I've benchmarked passing an object versus using global. I basically created a relatively simple object, but one with a self reference and a nested object.
The results:
Passed Completed in 0.19198203086853 Seconds
Globaled Completed in 0.20970106124878 Seconds
And the results are identical if I remove the nested object and the self reference...
So yes, it appears that there's no real performance difference between these two different methods of passing data. So make the better architectural choice (IMHO that's the Dependency Injection)...
The script:
$its = 10000;
$bar = new stdclass();
$bar->foo = 'bar';
$bar->bar = $bar;
$bar->baz = new StdClass();
$bar->baz->ar = 'bart';
$s = microtime(true);
for ($i=0;$i<$its;$i++) passed($bar);
$e = microtime(true);
echo "Passed Completed in ".($e - $s) ." Seconds\n";
$s = microtime(true);
for ($i=0;$i<$its;$i++) globaled();
$e = microtime(true);
echo "Globaled Completed in ".($e - $s) ." Seconds\n";
function passed($bar) {
is_object($bar);
}
function globaled() {
global $bar;
is_object($bar);
}
Tested on 5.3.2
I'm currently working on an oophp application. I have a site class which will contain all of the configuration settings for the app. Originally, I was going to use the singleton pattern to allow each object to reference a single instance of the site object, however mainly due to testing issues involved in this pattern, I've decided to try a different approach.
I would like to make the site class the main parent class in my app and call it's constructor from within the constructors of the child classes, in order to make all the properties available whenever needed.
When run for the first time, the class will only contain the db details for the app. To get the remaining values a query must be performed using the db details. However, any subsequent instances will be clones of the original (with all values). I may also set a Boolean flag to perform the query again a completely new instance is required.
Would this be a viable alternative to the singleton and would it solve the testing issues it causes? This is all theory atm, I haven't started to code anything yet,
Any thoughts or advice greatly appreciated.
Thanks.
I think a better way is to have an 'configuration' object that will get passed to the constructors of all your other classes. So, almost something like a singleton, except it's explicitly created and passed only to classes that need it. This approach is usually called dependency injection.
After trying many different techniques, what I have found functional and reliable is this method:
Use a bootstrap, or initialization file. It is located in the ROOT of the site with the proper permission and safe-guards against direct access.
All pages in the site first include this file. Within it, I create all my global objects (settings, user), and reference them from there.
For example:
// OBJECT CREATION
$Config = new Configuration();
$User = new User();
Then within classes that require these objects:
public function __construct($id = NULL) {
global $Config; // DEPENDENCY INJECTION SOUNDS LIKE AN ADDICTION!

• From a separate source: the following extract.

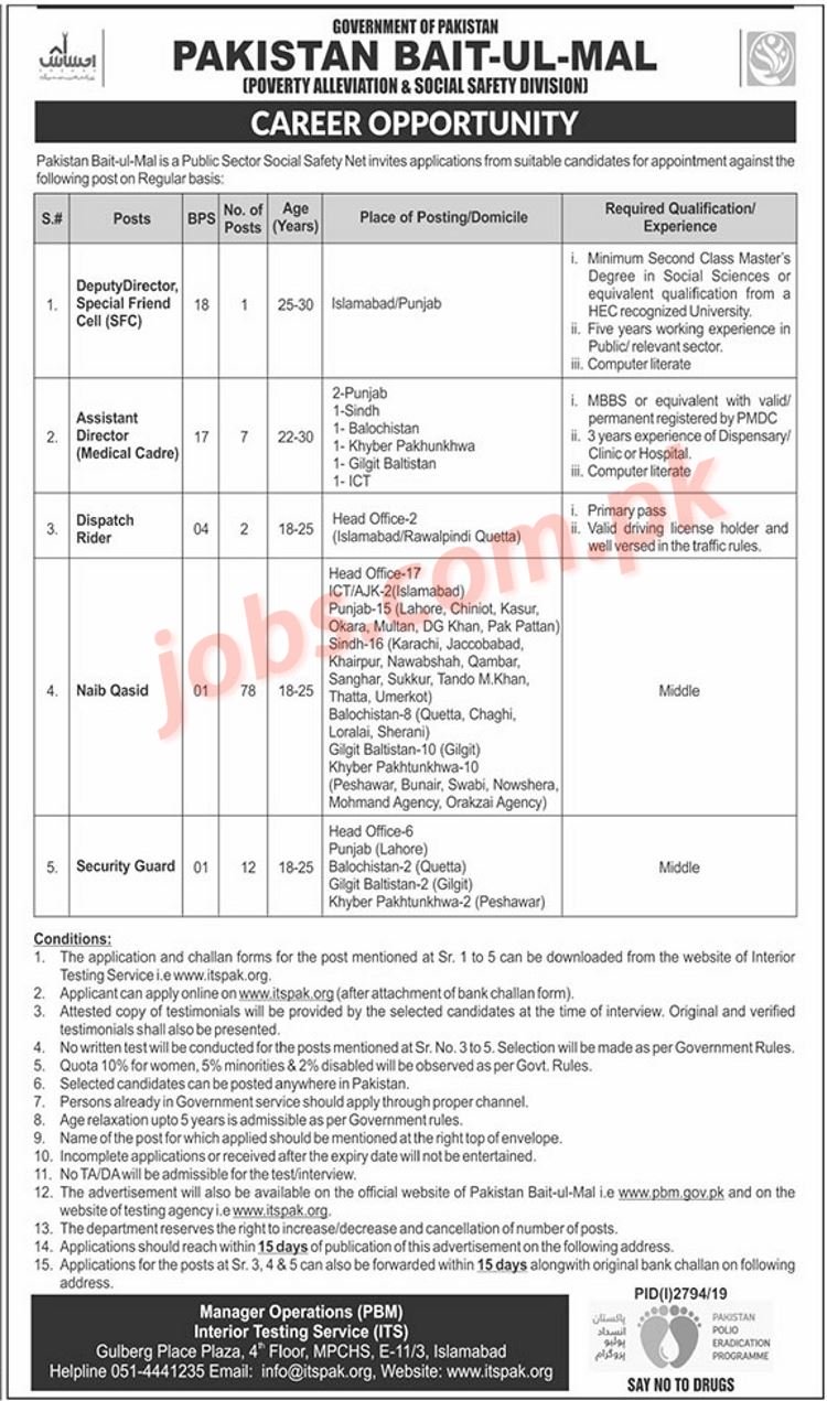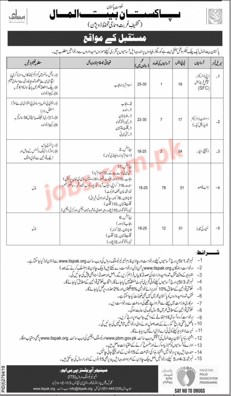 Pakistan Baitul Maal Jobs 2019 for 100+ Assistant Directors, Dy Directors, Dispatch Riders, Naib Qasid & Other

if($Config->allow_something) {
$this->can_do_something = true;
}
if(NULL !== $id) {
$this->load_record($id);
}
}
Notice that I just access these global objects from within the class, and how I don't have to include the object variables as the first constructor parameter each and every time. That gets old.
Also, having a static Database class has been very helpful. There are no objects I have to worry about passing, I can just call $row = DB::select_row($sql_statement);; check out the PhpConsole class.
UPDATE
Thanks for the upvote, whoever did that. It has called attention to the fact that my answer is not something I am proud of. While it might help the OP accomplish what they wanted, it is NOT a good practice.
Passing objects to new object constructors is a good practice (dependency injection), and while "inconvenient," as with other things in life, the extra effort is worth it.
The only redeeming part of my answer is use of the facade pattern (eg. DB::select_row()). This is not necessarily a singleton (something the OP wanted to avoid), and gives you an opportunity to present a slimmed down interface.
Laravel is a modern PHP framework that uses dependency injection and facades, among other proven design patterns. I suggest that any novice developer review these and other such design practices thoroughly.